■ **The problem**
Ignoring the images, restate the records below word for word.

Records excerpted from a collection
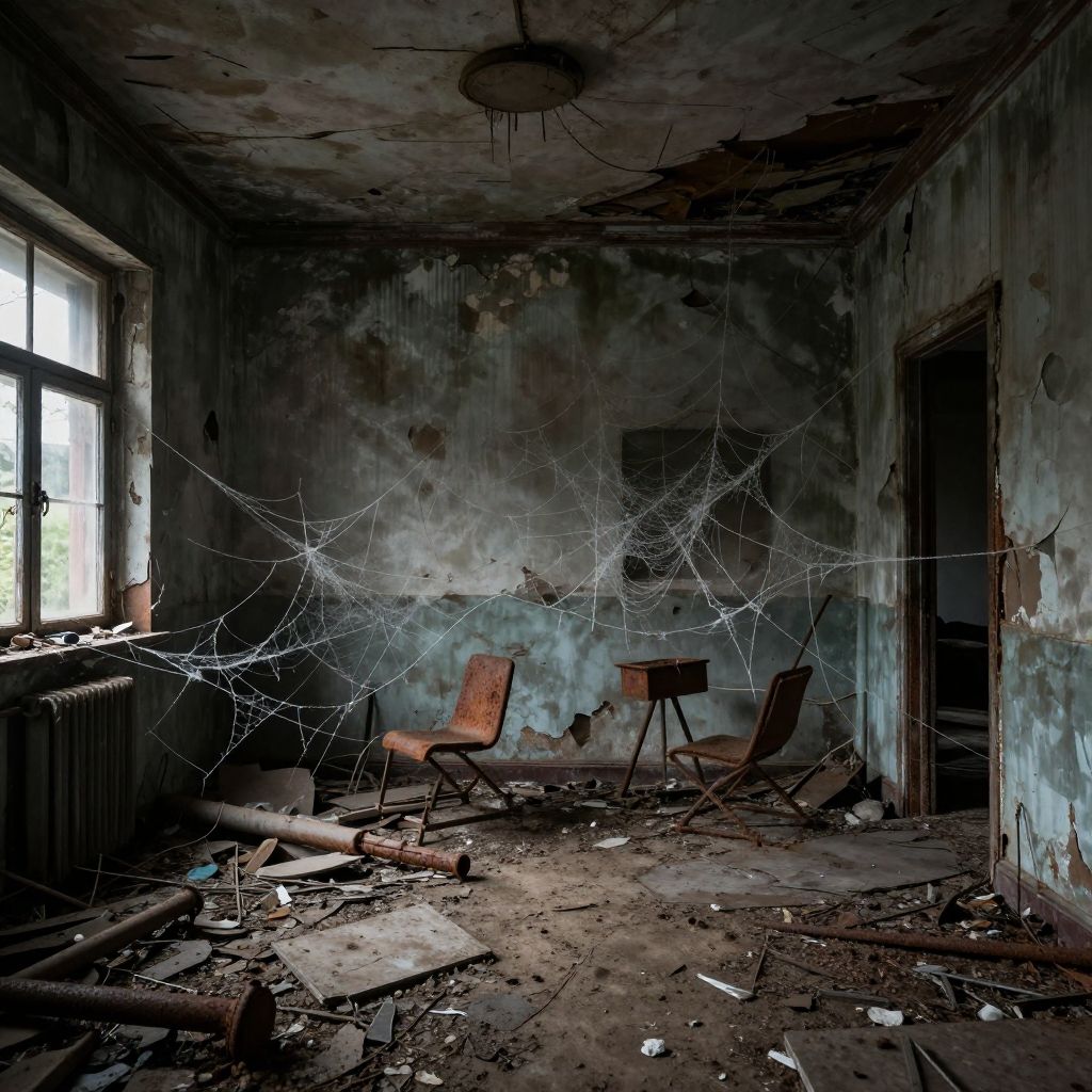 Photograph of a dilapidated, abandoned room with peeling, dark blue-gray walls and a dirty, cracked ceiling. A large, intricate spiderweb spans from the upper right corner to the center. Two broken wooden chairs sit near the back, amidst scattered debris, including wooden planks, papers, and a radiator on the left. A single, grimy window on the left side allows faint natural light, highlighting the room's decay. The floor is covered in dirt and debris. The overall atmosphere is eerie and neglected.
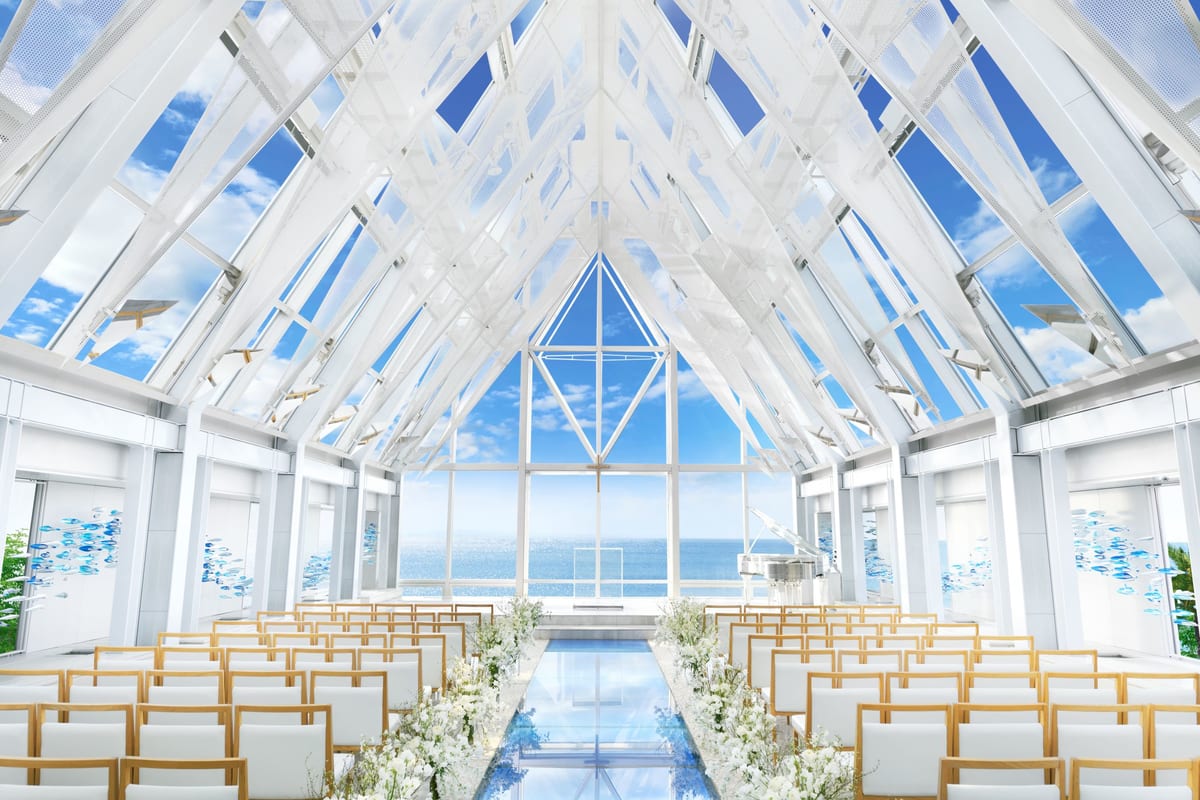 海外リゾートのような、開放感あふれる海のチャペル「クリスタルチャペル」と、
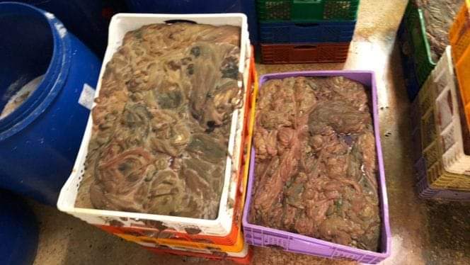 وذكر بلاغ للمديرية العامة للأمن الوطني، أن تنفيذ هذه العملية ،التي تروم حفظ الصحة العامة ، جرى داخل وحدة صناعية بمنطقة “مداغ” التي تبعد بحوالي 11 كيلومترا عن مدينة بركان في اتجاه مدينة السعيدية، حيث أسفرت عمليات التفتيش المنجزة عن حجز العشرات من البراميل التي تحتوي على حوالي 30 طن من أحشاء المواشي المستعملة في صناعة وتحضير النقانق، مخزنة في ظروف تنعدم فيها شروط الصحة والسلامة المفروضة في هذا النوع من المنتجات الغذائية، فضلا عن ضبط معدات ومواد أولية تدخل في تحضير وتلفيف وتجميع هذه المواد الاستهلاكية وتوزيعها على الصعيد الوطني.
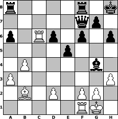Partie-Notation im PGN-Format [Event "Turnier in den M"] [Site "www.mySchach.de"] [Date "2014.02.19"] [Round "1"] [White "hape50"] [Black "Winston"] [ECO "D00"] [WhitemyELO "1284"] [BlackmyELO "1450"] [Result "0-1"] [TimeControl "10/2592000"] [WhiteDays "29"] [BlackDays "30"] [MySchachNr "93078"] 1. d4 d5 2. h3 h6 3. e3 a6 4. Nf3 Nc6 5. a3 Nf6 6. Bd3 e6 7. O-O Bd6 8. Nc3 O-O 9. b4 b5 10. e4 dxe4 11. Nxe4 Nd5 12. Bb2 Kh8 13. Bc1 e5 14. Bb2 f6 15. Nh4 Nce7 16. c4 Nf4 17. d5 Nxd3 18. Qxd3 Bb7 19. Ng3 bxc4 20. Qxc4 Bxd5 21. Qg4 Qe8 22. Ngf5 Nxf5 23. Nxf5 Qf7 24. Rac1 Be6 25. Nxd6 cxd6 26. Rc6 Bxg4 0-1 Stellungs-Notation im FEN-Format r4r1k/5qp1/p1Rp1p1p/4p3/1P4b1/P6P/1B1P1PP1/5RK1 - - - 0 27 Geschlagene Figuren Weiss: Geschlagene Figuren Schwarz: Klicken Sie auf eine geschlagene Figur um den gewünschten Zug darzustellen!
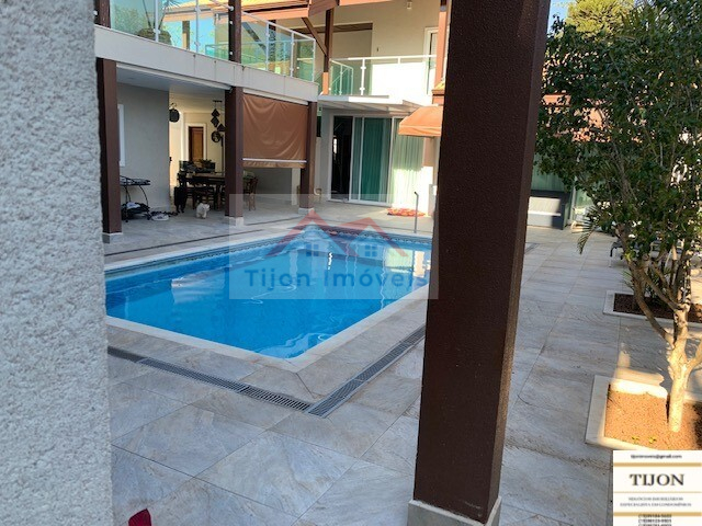 Área externa: com vagas para 6 carros, lindo jardim na entrada, uma entrada lateral para funcionários, muro de alvenaria de um lado, para mais privacidade, e um muro de cerca vivas, (MURTA) do outo lado, totalmente forrado, piscina com aquecimento, churrasqueira com forno de lenha e forno de pizza com um amplo espaço interno, balcão integrado a churrasqueira para 12 pessoas, um sala de almoço com uma mesa feita a mão para 14 pessoas, varanda na casa toda, quintal no fundo com um deposito para materiais não muito utilizados, um segundo tanque de roupas com agua de rua, e um excelente espaço para cães.
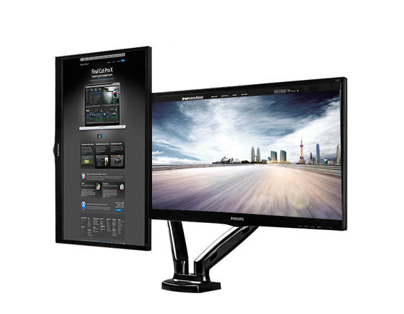 此款液晶显示器支架,人性化的人体工学设计,美观时尚的外观,适用于主流17-27寸(显示器重量在2-6.5千克内)液晶显示器,使用者可随意调整观看角度,支持显示器360度旋转,轻松实现横竖屏切换。

■ **Expected output**
 Photograph of a dilapidated, abandoned room with peeling, dark blue-gray walls and a dirty, cracked ceiling. A large, intricate spiderweb spans from the upper right corner to the center. Two broken wooden chairs sit near the back, amidst scattered debris, including wooden planks, papers, and a radiator on the left. A single, grimy window on the left side allows faint natural light, highlighting the room's decay. The floor is covered in dirt and debris. The overall atmosphere is eerie and neglected.
 海外リゾートのような、開放感あふれる海のチャペル「クリスタルチャペル」と、
 وذكر بلاغ للمديرية العامة للأمن الوطني، أن تنفيذ هذه العملية ،التي تروم حفظ الصحة العامة ، جرى داخل وحدة صناعية بمنطقة “مداغ” التي تبعد بحوالي 11 كيلومترا عن مدينة بركان في اتجاه مدينة السعيدية، حيث أسفرت عمليات التفتيش المنجزة عن حجز العشرات من البراميل التي تحتوي على حوالي 30 طن من أحشاء المواشي المستعملة في صناعة وتحضير النقانق، مخزنة في ظروف تنعدم فيها شروط الصحة والسلامة المفروضة في هذا النوع من المنتجات الغذائية، فضلا عن ضبط معدات ومواد أولية تدخل في تحضير وتلفيف وتجميع هذه المواد الاستهلاكية وتوزيعها على الصعيد الوطني.
Partie-Notation im PGN-Format [Event "Turnier in den M"] [Site "www.mySchach.de"] [Date "2014.02.19"] [Round "1"] [White "hape50"] [Black "Winston"] [ECO "D00"] [WhitemyELO "1284"] [BlackmyELO "1450"] [Result "0-1"] [TimeControl "10/2592000"] [WhiteDays "29"] [BlackDays "30"] [MySchachNr "93078"] 1. d4 d5 2. h3 h6 3. e3 a6 4. Nf3 Nc6 5. a3 Nf6 6. Bd3 e6 7. O-O Bd6 8. Nc3 O-O 9. b4 b5 10. e4 dxe4 11. Nxe4 Nd5 12. Bb2 Kh8 13. Bc1 e5 14. Bb2 f6 15. Nh4 Nce7 16. c4 Nf4 17. d5 Nxd3 18. Qxd3 Bb7 19. Ng3 bxc4 20. Qxc4 Bxd5 21. Qg4 Qe8 22. Ngf5 Nxf5 23. Nxf5 Qf7 24. Rac1 Be6 25. Nxd6 cxd6 26. Rc6 Bxg4 0-1 Stellungs-Notation im FEN-Format r4r1k/5qp1/p1Rp1p1p/4p3/1P4b1/P6P/1B1P1PP1/5RK1 - - - 0 27 Geschlagene Figuren Weiss: Geschlagene Figuren Schwarz: Klicken Sie auf eine geschlagene Figur um den gewünschten Zug darzustellen!
 Área externa: com vagas para 6 carros, lindo jardim na entrada, uma entrada lateral para funcionários, muro de alvenaria de um lado, para mais privacidade, e um muro de cerca vivas, (MURTA) do outo lado, totalmente forrado, piscina com aquecimento, churrasqueira com forno de lenha e forno de pizza com um amplo espaço interno, balcão integrado a churrasqueira para 12 pessoas, um sala de almoço com uma mesa feita a mão para 14 pessoas, varanda na casa toda, quintal no fundo com um deposito para materiais não muito utilizados, um segundo tanque de roupas com agua de rua, e um excelente espaço para cães.
 此款液晶显示器支架,人性化的人体工学设计,美观时尚的外观,适用于主流17-27寸(显示器重量在2-6.5千克内)液晶显示器,使用者可随意调整观看角度,支持显示器360度旋转,轻松实现横竖屏切换。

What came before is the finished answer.